WHO confirmed October 13 that 1,700 domestic turkeys in Turkey that died of avian flu had the same deadly strain. Samples collected from the sick turkeys in Kiziksa, Balikesi in Turkey and sent to the OIE Reference Laboratory for Avian Influenza in Weybridge, UK were confirmed to contain the avian influenza virus H5N1. The virus isolated seems to be very close to one of the viruses isolated in Siberia.
Bird deaths in Romania have been attributed to the H5 subtype of avian influenza as further testing is conducted to determine whether the strain is the highly pathogenic H5N1.

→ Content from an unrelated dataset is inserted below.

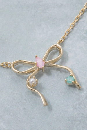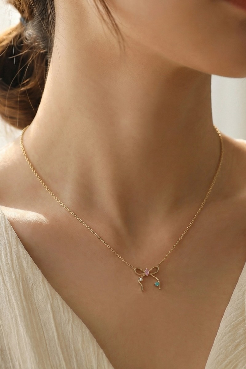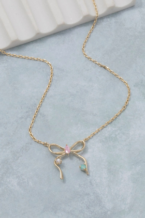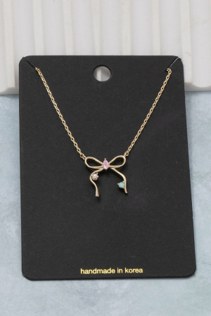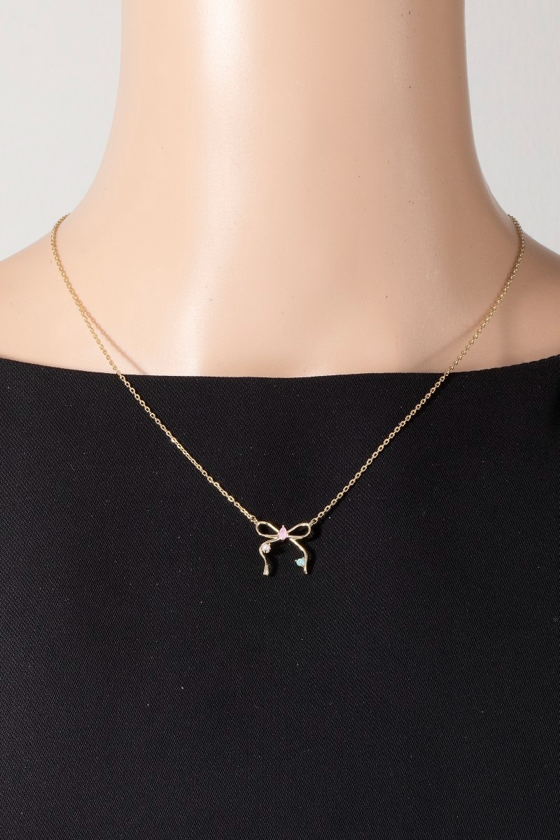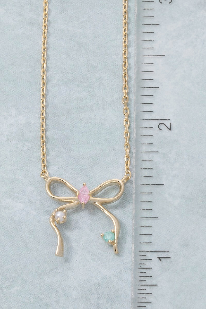 - This pendant necklace displays a fashionable cz thin ribbon bow style. Elevate your ensemble with this pendant necklace that effortlessly captures the essence of refined fashion.

These reports verify the steady westward movement of the virus. The virus made its first movement toward Europe in July and August with confirmations of H5N1 in Russia and Kazakhstan.
WHO continues to recommend that travellers to areas experiencing outbreaks of highly pathogenic H5N1 in poultry should avoid contact with live animal markets and poultry farms. Large amounts of the virus are known to be excreted in the droppings from infected birds. Populations in affected countries are advised to avoid contact with dead migratory birds or wild birds showing signs of disease.
Direct contact with infected poultry, or surfaces and objects contaminated by their droppings, is considered the main route of human infection. Exposure risk is considered highest during slaughter, defeathering, butchering, and preparation of poultry for cooking. There is no evidence that properly cooked poultry or poultry products can be a source of infection.